Tapping into the hidden power of big search data

By Sam Gilbert, Department of Politics & International Studies, University of Cambridge

What do trundle beds, nail guns and pug insurance have in common? They’re all e-commerce success stories that started with big search data.

On the subject of trundle beds, Richard Tucker, co-founder of homewares retailer WorldStores says: ‘None of us had a clue what one was, but people were typing it into search. So we got them in stock and they sold like hell.’ (It’s a low, wheeled bed, stored under another bed—in case you’re wondering.)

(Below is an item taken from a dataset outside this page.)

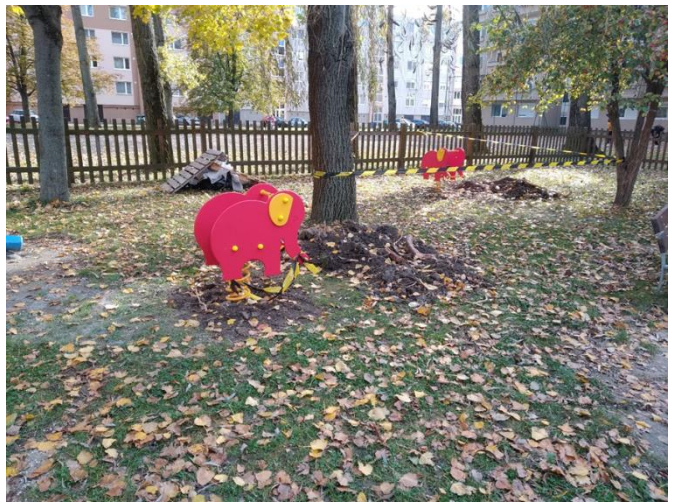
Verő J. utca – Aranyhegy

Here’s data scientist Steve Johnston on the opportunities that he found in search data for his client, Screwfix: ‘‘Security lighting’ they called ‘outdoor lighting’, ‘nail guns’ they called ‘nailers’, and ‘kitchen lighting’ they didn’t call anything because they considered, quite reasonably, that the majority of lights could exist in many room types, even though that is exactly how many of their customers search.’

As for pug insurance, that was the first big opportunity I found when mining search data for the then-startup Bought By Many. Dog insurance already existed, of course, but no insurers had thought to develop product features that met the specific needs of pugs. Fast forward six years, and Bought By Many is the UK’s 13th fastest growing tech company (and the number 1 provider of insurance for unusual pets).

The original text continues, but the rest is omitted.